Personal information
- Date of birth: 3 May 1987 (age 39)
- Place of birth: Turin, Italy
- Height: 1.70 m (5 ft 7 in)
- Position: Midfielder

Senior career*
- Years: Team / Apps / (Gls)
- 2003–2011: Torino / 88 / (8)
- 2011–2013: Bardolino / 48 / (6)
- 2013–2014: Inter Milan / 23 / (2)
- 2014: Stjarnan / 12 / (4)
- 2014–2016: AGSM Verona / 35 / (4)
- 2016–2018: Fiorentina / 39 / (2)
- 2018–2020: Milan / 12 / (0)

International career
- 2007–2017: Italy

= Marta Carissimi =

Italian footballer (born 1987)

Marta Carissimi (born 3 May 1987) is an Italian footballer who plays as a midfielder for AC Milan Women in Serie A.

==Club career==
She previously played for ACF Torino, CF Bardolino (now AGSM Verona), Inter Milan and Stjarnan (of Iceland).
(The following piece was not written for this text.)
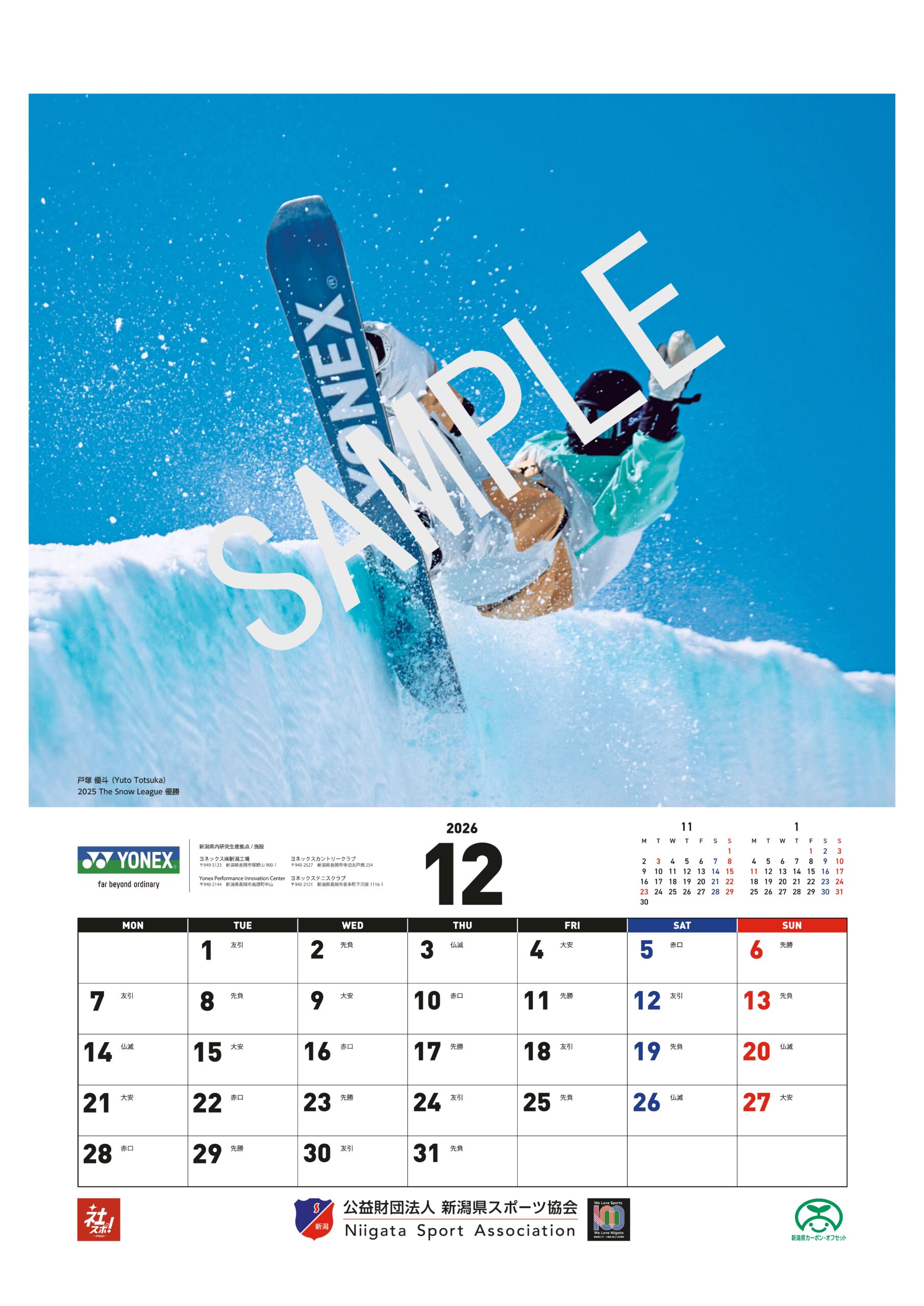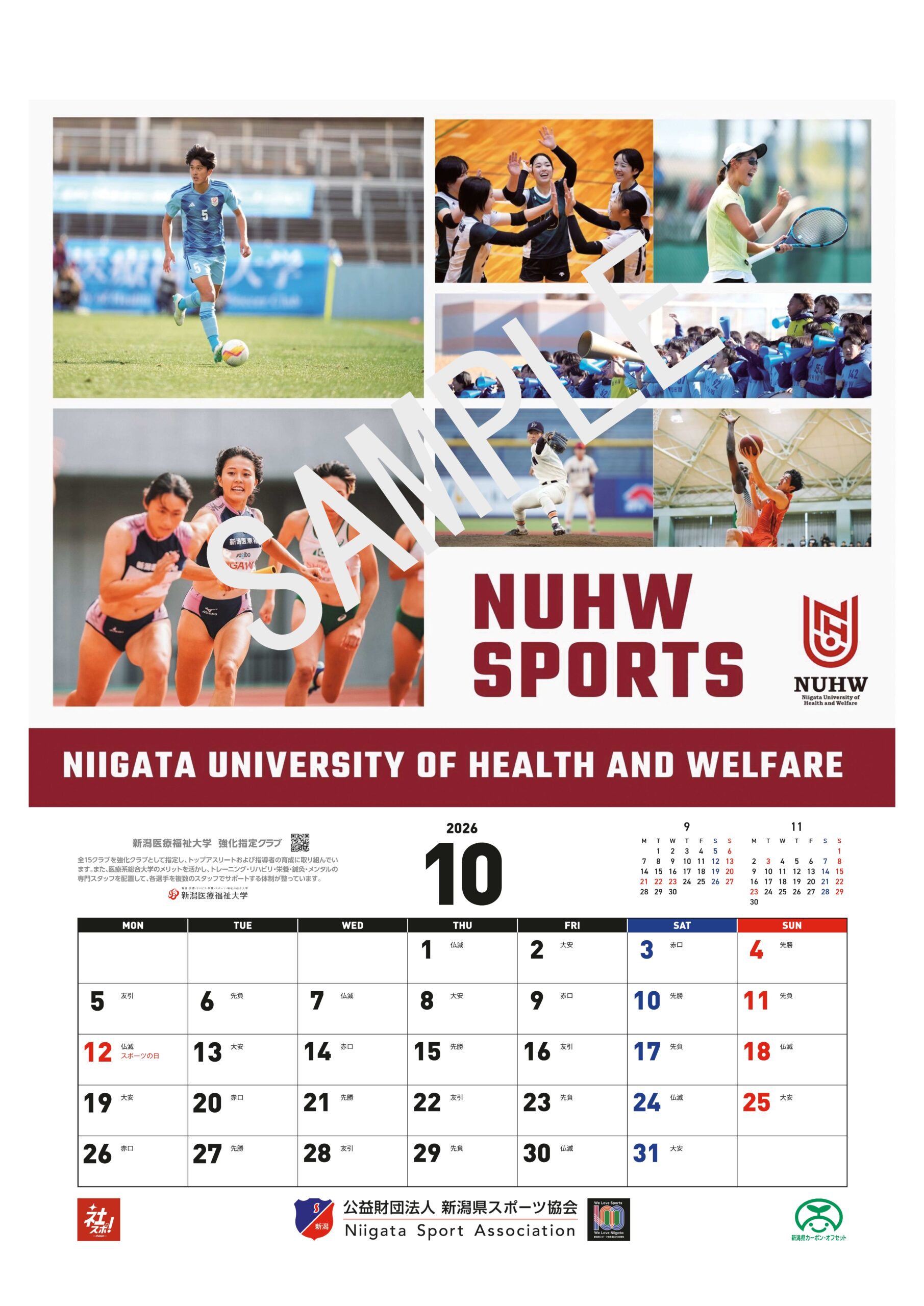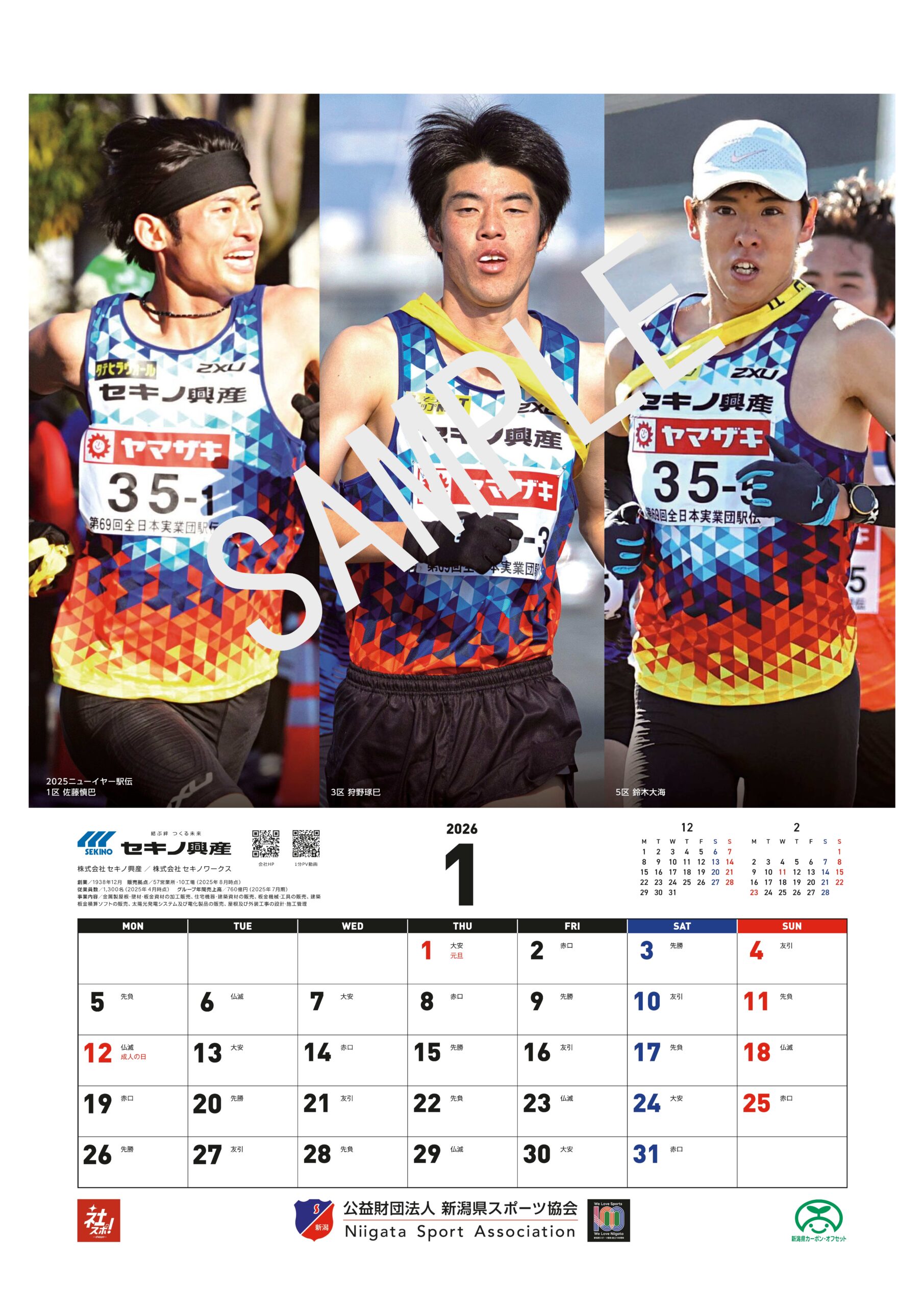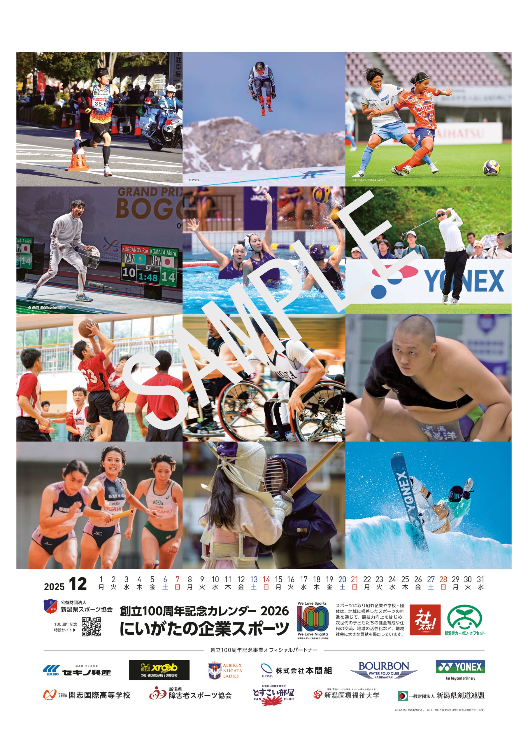 公益財団法人新潟県スポーツ協会は、令和8年に迎える創立100周年を記念し、県内企業や団体によるスポーツ推進の取組を紹介するカレンダー2026「にいがたの企業スポーツ」を、その協賛を得て制作しました。

With Bardolino / Verona she has also played the UEFA Champions League.

In 2018 she moved to newly formed AC Milan Women.

==International career==
She has been a member of the Italian national team since 2007, playing the 2009 European Championship.

Carissimi was called up to the Italy squad for the UEFA Women's Euro 2017.

==Career statistics==
=== International ===
Scores and results list Italy's goal tally first, score column indicates score after each Carissimi goal.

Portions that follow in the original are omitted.